"Быль о полях бранных" - читать интересную книгу автора (Пономарев Станислав Александрович)

Глава первая Вести из Великой степи


Они чем-то походили друг на друга: оба высокие, широкоплечие, ладные. Лица их суровы, степными ветрами задублены, бурями ратными овеяны.

Первый, черноволосый и черноглазый, с широкой густой бородой, — Великий Князь Московский и Владимирский Дмитрий Иванович. «И Владимирский» означает, что он старший князь на всей Русской земле, что именно к нему стекается дань со всех княжеств, а уж он сам дает выход в Золотую Орду.

За честь быть «и Владимирским» упорно боролись Тверской князь Михаил Александрович и правитель Нижегородско-Суздальский Дмитрий Константинович. Не единожды татарские султаны присылали противникам Москвы ярлык на старшинство, но великий князь Московский силой ратной принуждал их отказаться от хитрой ордынской «милости».

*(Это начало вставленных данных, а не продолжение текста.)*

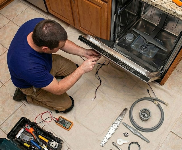 Most dishwashers run reliably for years with basic homeowner maintenance, but a professional inspection every 3–5 years — or at the first sign of trouble — can catch small issues before they become big problems.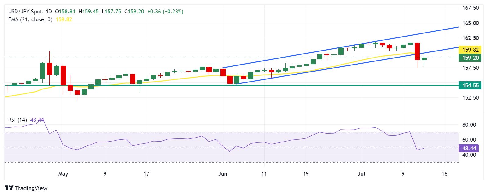 周五,美元/日元的交易价格约为159.30。日线图分析显示,看涨倾向减弱,因为它突破了上升通道模式的下限。此外,14天相对强弱指数(RSI)略低于50水平,表明该货币对价格的势头有所下降。

Дмитрий Иванович был молод — ему едва минуло двадцать семь лет, — но деяния его пленяли воображение и равнялись подвигам древних былинных героев. Русь верила, что именно этот мудрый государственный муж и неустрашимый военачальник наконец-то совсем сломает уже обветшавшее ярмо рабства, которое надел на православных «безбожный царь Баты-га» сто сорок лет назад...

Рядом с ним стоял сейчас Владимир Андреевич, князь Серпуховский, — двоюродный брат, друг, талантливый полководец и ближайший сподвижник. В отличие от своего повелителя, Владимир был рус, глаза его в радости были схожи с весенним безоблачным небом, а в гневе излучали цвет холодной бранной стали.

Немало славных дел свершили князья вместе: принуждали к дани Суздаль, Рязань и Тверь, Псков копьем увещевали, смиряли гордость новгородской вольницы, мечом отражали литовскую силу от стен Москвы, жестоко били во чистом поле буйные ватаги ордынские.

Настроение Великого Князя нынче было хорошим — по-видимому, от вестей добрых. Он сидел в горнице за большим дубовым столом, когда пришел к нему Владимир Серпуховский.

— Садись, — указал хозяин на скамью слева от себя.

— Благодарствую... Что это ты держишь в руках, Митрий? — спросил Владимир с любопытством, продолжая стоять, упершись кулаком в столешницу.



— На и ты глянь, — улыбнулся Великий Князь. — Мож, видел где раньше? Признаешь?

Владимир взял в руки массивную золотую пластину, вгляделся, поднял стремительный взор на собеседника:

— Да то ж пайцза Джучи-хана! Аль нет?

— Она.

— Где взял?

— Досталась деянием досужих людей, сторонников Москвы.

— Вот эт-то да! По поверью, в чьих руках эта пайцза заповедная, тот будет властвовать над всей Великой степью. Так сами ханы ордынские толкуют.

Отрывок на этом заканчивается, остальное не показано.